Liger-Kernel icon indicating copy to clipboard operation
Liger-Kernel copied to clipboard

[Question] No gain in VRAM usage with LigerFusedLinearCrossEntropyLoss

Open mrinaldi97 opened this issue 1 month ago • 3 comments

Hello, I am writing a codebase to train transformer models (almost finished, but it's still too early to share the entire framework) and I've just added Liger-Kernel support. I was expecting a decreased RAM usage with the Fused Linear Cross Entropy implementation compared to naive torch's F.cross_entropy, however:

Torch => 22785MiB
Liger Fused => 22155MiB

Only 600MB saved. Vocab size is 32777 (maybe too small to see gain? Maybe because is not pow of 16?)

It's training a small test autoregressive model:

    "hidden_size": 768,
    "ffn_factor": 3.0,
    "num_hidden_layers": 12,
    "num_attention_heads": 12,

testing on an Nvidia 3090 GPU using Torch 2.6 cuda 12.4; training done in AMP with Pytorch Lightning, precision bf16.

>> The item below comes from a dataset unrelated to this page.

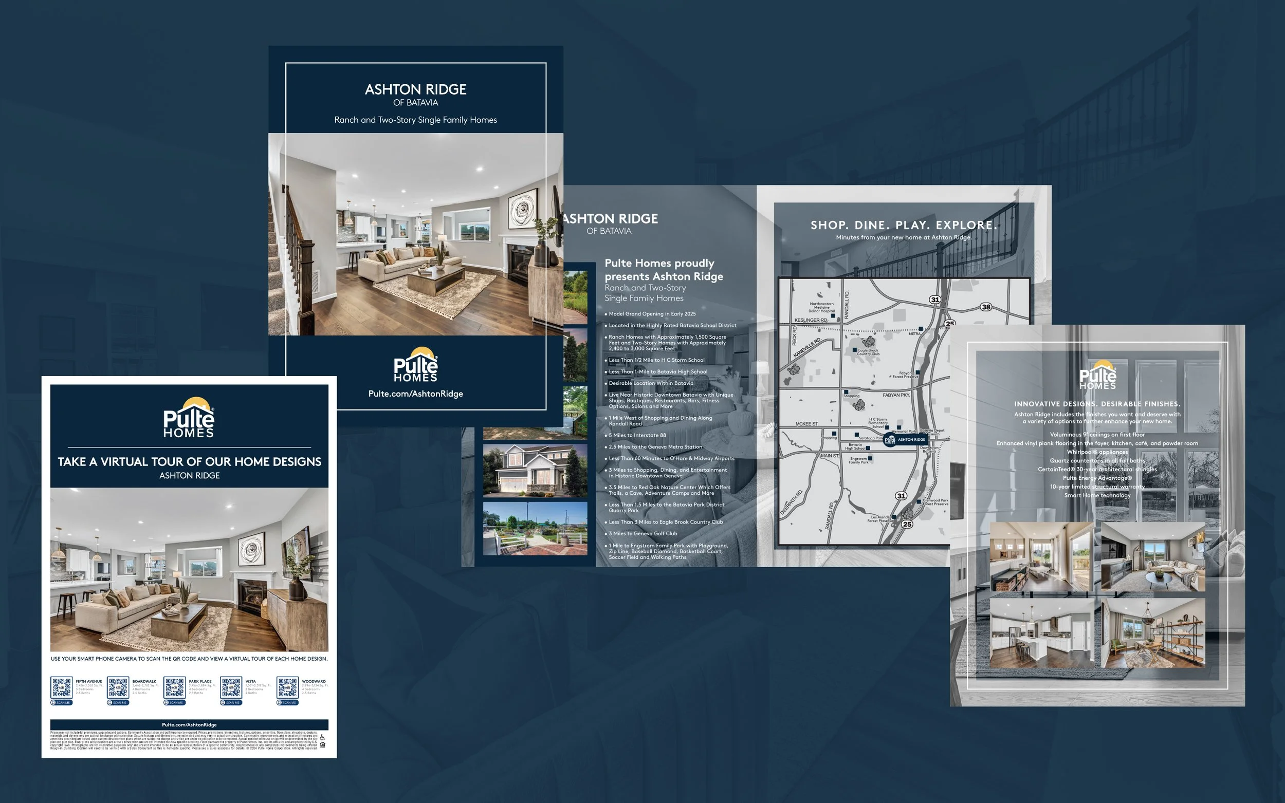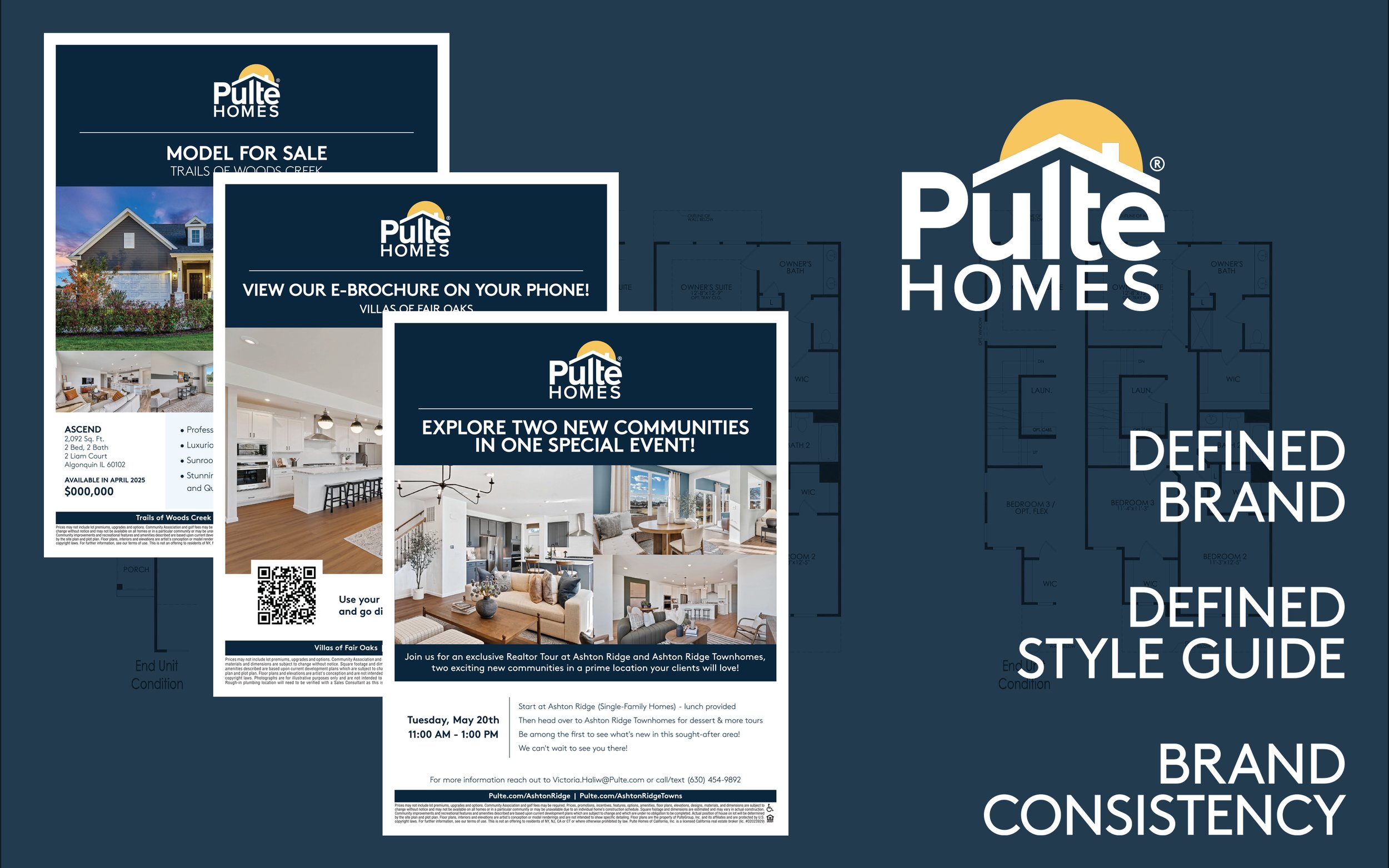 We’ve been working with Pulte Homes for almost 15 years. Those years have seen a rebrand, new identity, and an overall effort to create consistency for the brand across all platforms. Defined fonts, color palette and graphic applications have created a unified look across each piece of marketing collateral.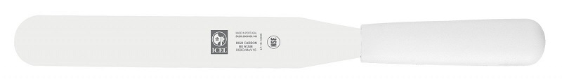 Лопатка 24 см. прямая раб. часть 14*2,7 см. нерж. узкая с пластик. ручкой, белая Icel /1/6/

Here is the transformer block with lm_head:

  class TransformerWithLMHead(nn.Module):
      """
      Adding an LM Head to TransformerWithEmbeddingHead. This is enough for Bert-like/GPT-like models.
      """
      def __init__(self,config: ModelConfig,cache=None):
          super().__init__()  
          self.cache = ensure_cache_and_registry(cache)    
          cache=self.cache           
          self.lm_head = ModuleWrapper(self.cache.registry.create("linear", "linear", in_features=config.hidden_size, out_features=config.vocab_size))
          self.transformer = TransformerWithEmbeddingHead(config,cache=cache)
          if config.tie_word_embeddings:
              self.lm_head.weight = self.transformer.embed_tokens.weight
          self.config=config
      def forward(self,x,return_type='logits',**kwargs):
          x=self.transformer(x,**kwargs)
          if return_type=='logits':
              return self.lm_head(x)
          else:
              return x

Here the relevant snippet from the training step:

        if self.loss_type=='fused':
            model_return_type = 'hidden'
            flattening_dimension = self.config.hidden_size
            loss_kwargs = {"lm_head_weight": self.model.lm_head.module.inner.weight}
            if hasattr(self.model.lm_head, "bias"):
                loss_kwargs["lm_head_bias"] = self.model.lm_head.module.inner.bias #TODO: Better way to access inner attributes of wrapped modules

And finally the way in which the Liger kernel is used:

@registry.register("loss", "cross_entropy_loss_fused", "liger", requires=["liger_kernel"], priority=0)
class LigerCrossEntropyLossFused(nn.Module):
    def __init__(self, *args, **kwargs):
        super().__init__()
        cls = _load("liger_kernel.transformers", "LigerFusedLinearCrossEntropyLoss")
        self.inner = cls(*args, **kwargs)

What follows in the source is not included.